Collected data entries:

◆ ◆ ◆

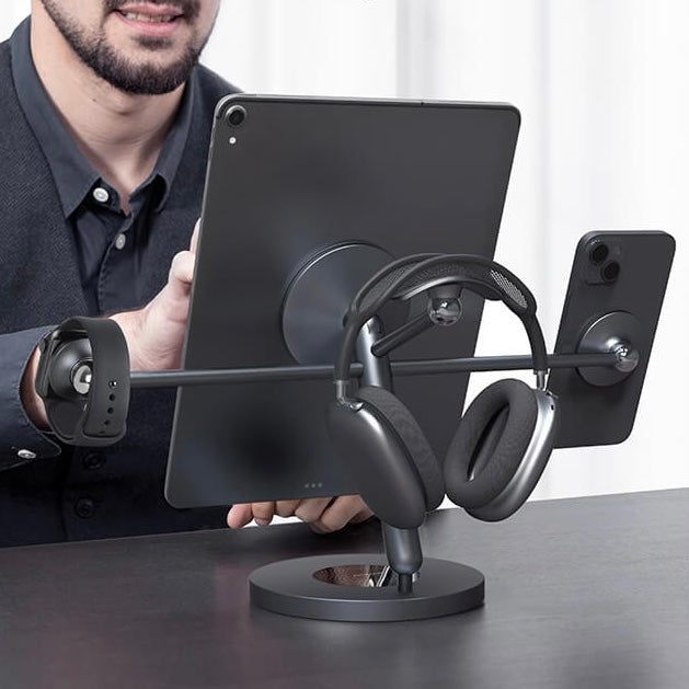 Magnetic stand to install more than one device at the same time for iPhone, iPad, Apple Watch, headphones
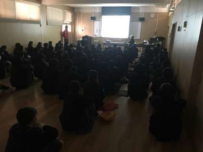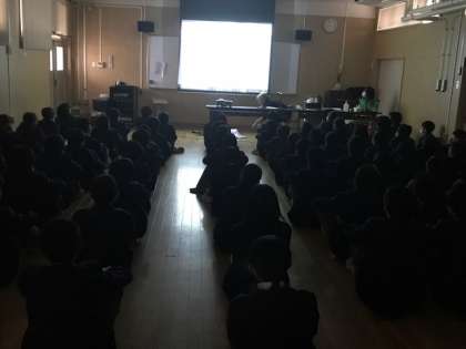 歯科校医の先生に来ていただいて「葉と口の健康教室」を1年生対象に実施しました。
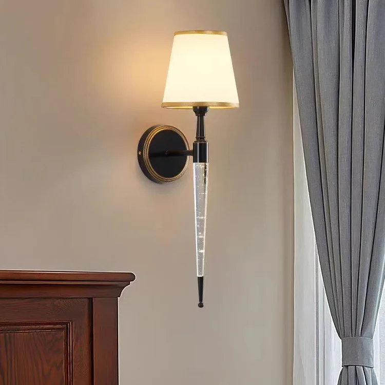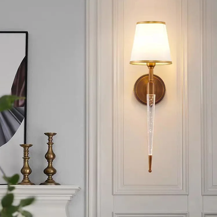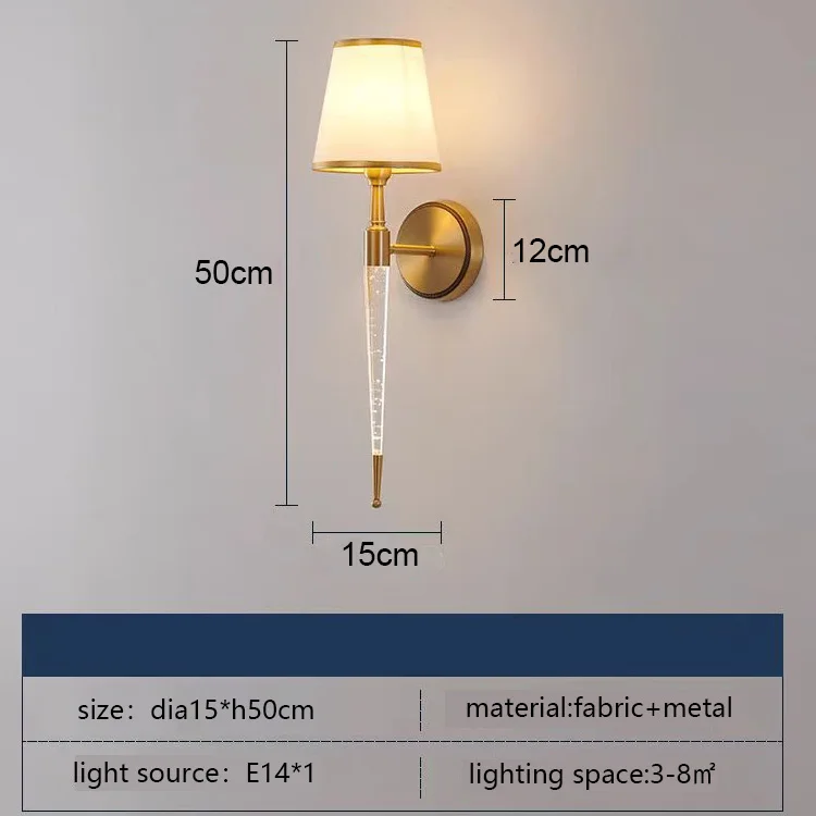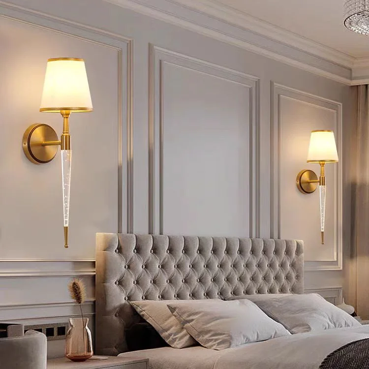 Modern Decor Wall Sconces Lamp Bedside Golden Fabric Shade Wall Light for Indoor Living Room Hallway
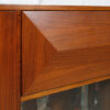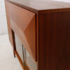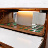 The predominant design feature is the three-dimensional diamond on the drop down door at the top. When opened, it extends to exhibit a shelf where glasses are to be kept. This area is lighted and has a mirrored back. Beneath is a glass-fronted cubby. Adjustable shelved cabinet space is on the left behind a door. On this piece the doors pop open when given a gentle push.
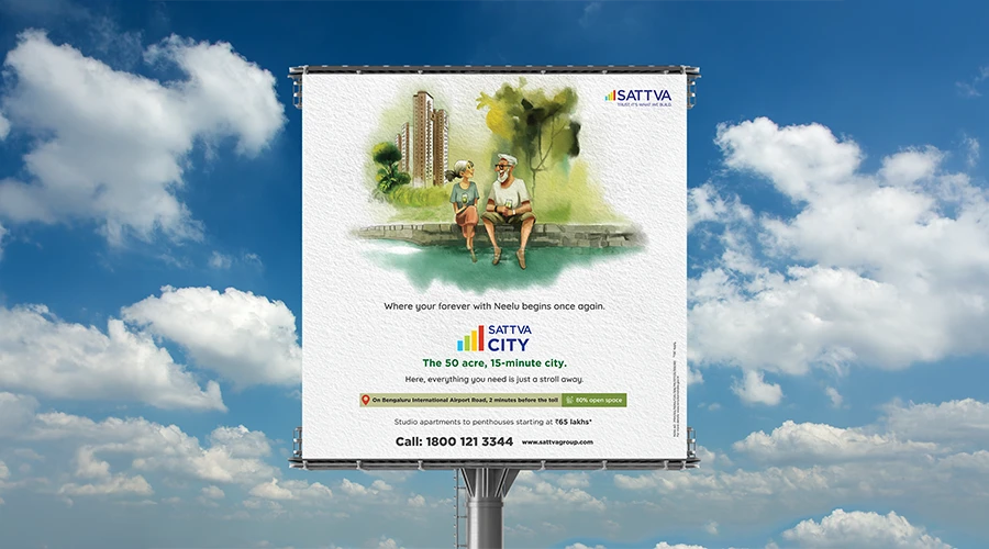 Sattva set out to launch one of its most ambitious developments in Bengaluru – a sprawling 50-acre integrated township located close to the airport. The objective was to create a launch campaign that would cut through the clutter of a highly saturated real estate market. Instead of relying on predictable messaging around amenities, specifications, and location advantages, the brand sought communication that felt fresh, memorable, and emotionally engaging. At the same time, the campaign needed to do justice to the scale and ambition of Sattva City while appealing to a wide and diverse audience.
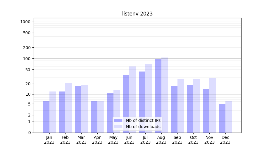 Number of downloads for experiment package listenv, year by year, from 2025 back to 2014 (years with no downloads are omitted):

◆ ◆ ◆

Your assignment -> What is needed is every record above, restated word for word, with the pictures left out.

Task output ->
 Magnetic stand to install more than one device at the same time for iPhone, iPad, Apple Watch, headphones
 歯科校医の先生に来ていただいて「葉と口の健康教室」を1年生対象に実施しました。
 Modern Decor Wall Sconces Lamp Bedside Golden Fabric Shade Wall Light for Indoor Living Room Hallway
 The predominant design feature is the three-dimensional diamond on the drop down door at the top. When opened, it extends to exhibit a shelf where glasses are to be kept. This area is lighted and has a mirrored back. Beneath is a glass-fronted cubby. Adjustable shelved cabinet space is on the left behind a door. On this piece the doors pop open when given a gentle push.
 Sattva set out to launch one of its most ambitious developments in Bengaluru – a sprawling 50-acre integrated township located close to the airport. The objective was to create a launch campaign that would cut through the clutter of a highly saturated real estate market. Instead of relying on predictable messaging around amenities, specifications, and location advantages, the brand sought communication that felt fresh, memorable, and emotionally engaging. At the same time, the campaign needed to do justice to the scale and ambition of Sattva City while appealing to a wide and diverse audience.
 Number of downloads for experiment package listenv, year by year, from 2025 back to 2014 (years with no downloads are omitted):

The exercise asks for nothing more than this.